— Exercise —
If a line below falls between the line with "El látex del" and the line with "Visit Proof |", or is one of those two, output it exactly; output nothing else and no pictures.

— Record excerpts —
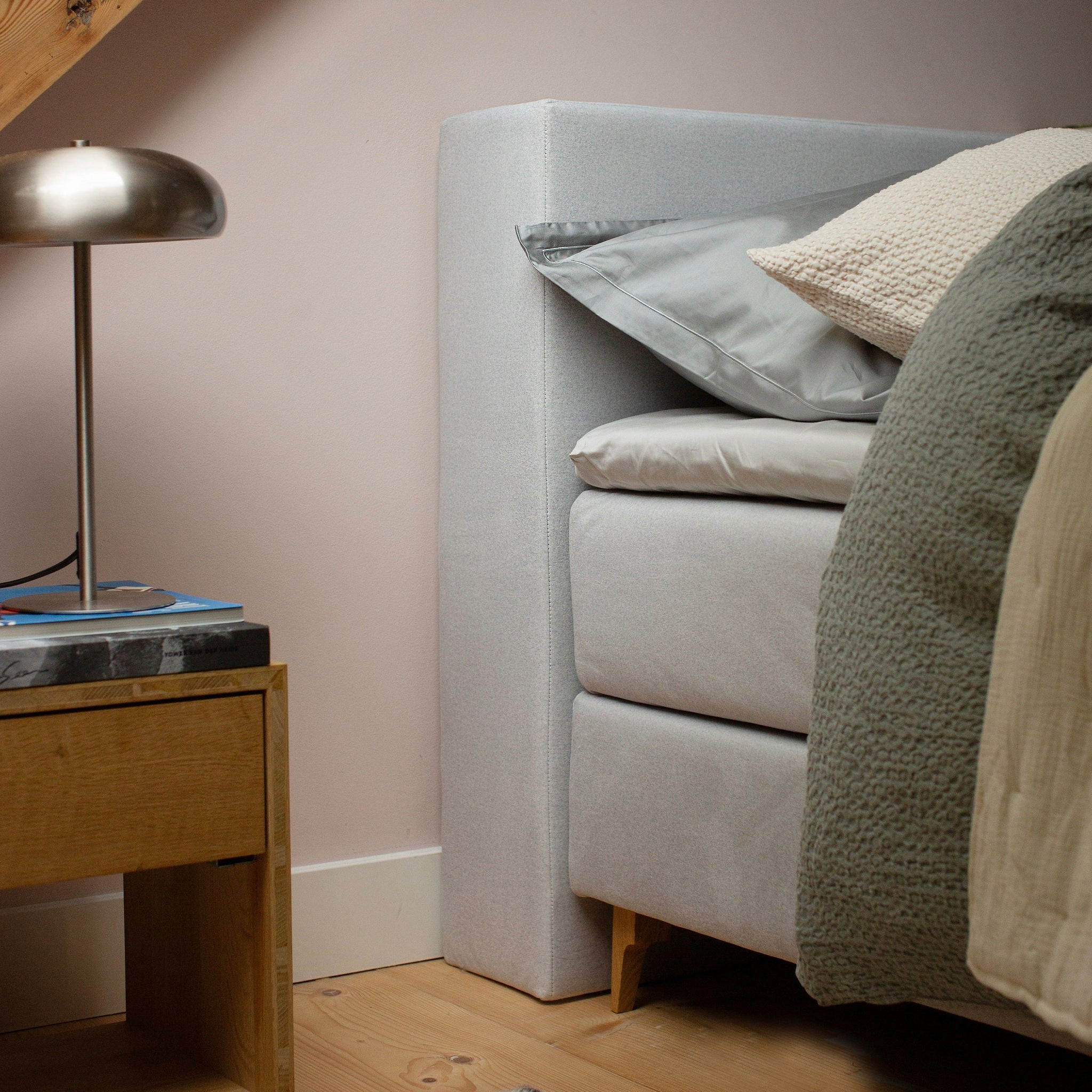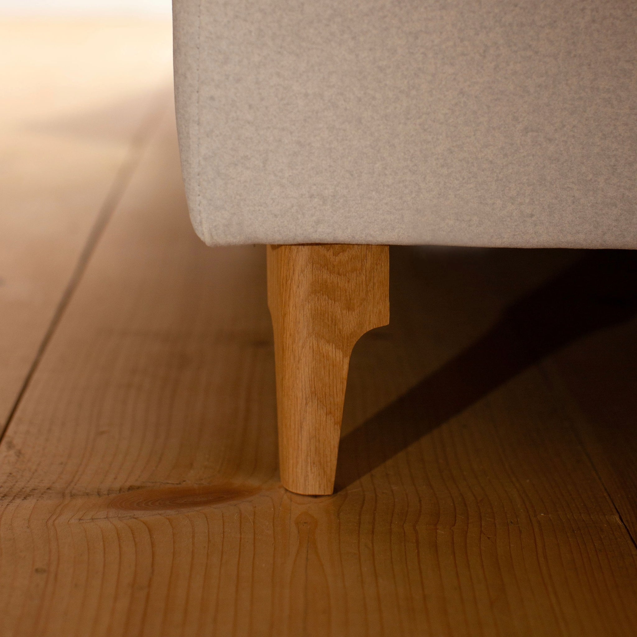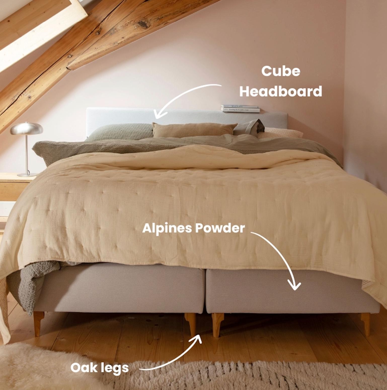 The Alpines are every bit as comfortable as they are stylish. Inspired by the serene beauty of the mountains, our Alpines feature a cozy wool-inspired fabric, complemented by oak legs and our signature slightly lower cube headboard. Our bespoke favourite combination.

==

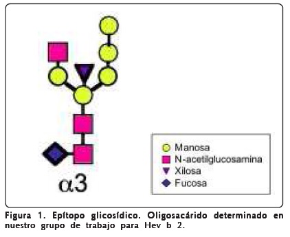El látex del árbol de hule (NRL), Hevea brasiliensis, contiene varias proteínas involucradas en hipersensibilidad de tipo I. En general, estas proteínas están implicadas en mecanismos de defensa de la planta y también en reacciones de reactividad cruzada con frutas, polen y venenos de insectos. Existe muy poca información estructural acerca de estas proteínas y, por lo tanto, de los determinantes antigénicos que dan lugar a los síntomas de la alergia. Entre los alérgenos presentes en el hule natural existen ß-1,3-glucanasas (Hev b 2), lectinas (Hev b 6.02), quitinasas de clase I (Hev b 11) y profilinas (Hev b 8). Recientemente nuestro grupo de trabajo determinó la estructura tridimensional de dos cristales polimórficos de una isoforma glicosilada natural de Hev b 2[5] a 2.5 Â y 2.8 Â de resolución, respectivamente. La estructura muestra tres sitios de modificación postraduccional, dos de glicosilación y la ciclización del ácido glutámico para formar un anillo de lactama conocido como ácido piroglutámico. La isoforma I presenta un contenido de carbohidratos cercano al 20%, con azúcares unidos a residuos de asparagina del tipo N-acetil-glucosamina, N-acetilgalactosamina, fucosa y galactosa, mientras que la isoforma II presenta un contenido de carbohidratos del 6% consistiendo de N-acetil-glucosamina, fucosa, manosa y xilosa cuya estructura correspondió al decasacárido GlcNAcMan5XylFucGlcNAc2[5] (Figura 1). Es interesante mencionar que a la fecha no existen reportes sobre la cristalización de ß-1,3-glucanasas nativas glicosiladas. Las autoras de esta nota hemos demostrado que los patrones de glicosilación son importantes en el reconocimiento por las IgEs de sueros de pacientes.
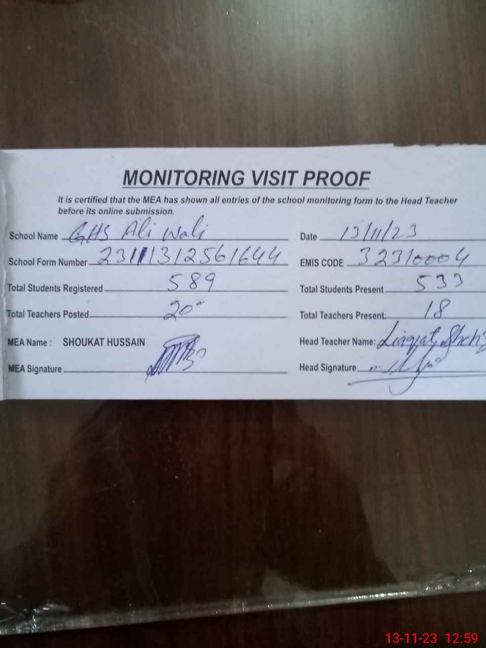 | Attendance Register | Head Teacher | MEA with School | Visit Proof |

— Reply —
El látex del árbol de hule (NRL), Hevea brasiliensis, contiene varias proteínas involucradas en hipersensibilidad de tipo I. En general, estas proteínas están implicadas en mecanismos de defensa de la planta y también en reacciones de reactividad cruzada con frutas, polen y venenos de insectos. Existe muy poca información estructural acerca de estas proteínas y, por lo tanto, de los determinantes antigénicos que dan lugar a los síntomas de la alergia. Entre los alérgenos presentes en el hule natural existen ß-1,3-glucanasas (Hev b 2), lectinas (Hev b 6.02), quitinasas de clase I (Hev b 11) y profilinas (Hev b 8). Recientemente nuestro grupo de trabajo determinó la estructura tridimensional de dos cristales polimórficos de una isoforma glicosilada natural de Hev b 2[5] a 2.5 Â y 2.8 Â de resolución, respectivamente. La estructura muestra tres sitios de modificación postraduccional, dos de glicosilación y la ciclización del ácido glutámico para formar un anillo de lactama conocido como ácido piroglutámico. La isoforma I presenta un contenido de carbohidratos cercano al 20%, con azúcares unidos a residuos de asparagina del tipo N-acetil-glucosamina, N-acetilgalactosamina, fucosa y galactosa, mientras que la isoforma II presenta un contenido de carbohidratos del 6% consistiendo de N-acetil-glucosamina, fucosa, manosa y xilosa cuya estructura correspondió al decasacárido GlcNAcMan5XylFucGlcNAc2[5] (Figura 1). Es interesante mencionar que a la fecha no existen reportes sobre la cristalización de ß-1,3-glucanasas nativas glicosiladas. Las autoras de esta nota hemos demostrado que los patrones de glicosilación son importantes en el reconocimiento por las IgEs de sueros de pacientes.
 | Attendance Register | Head Teacher | MEA with School | Visit Proof |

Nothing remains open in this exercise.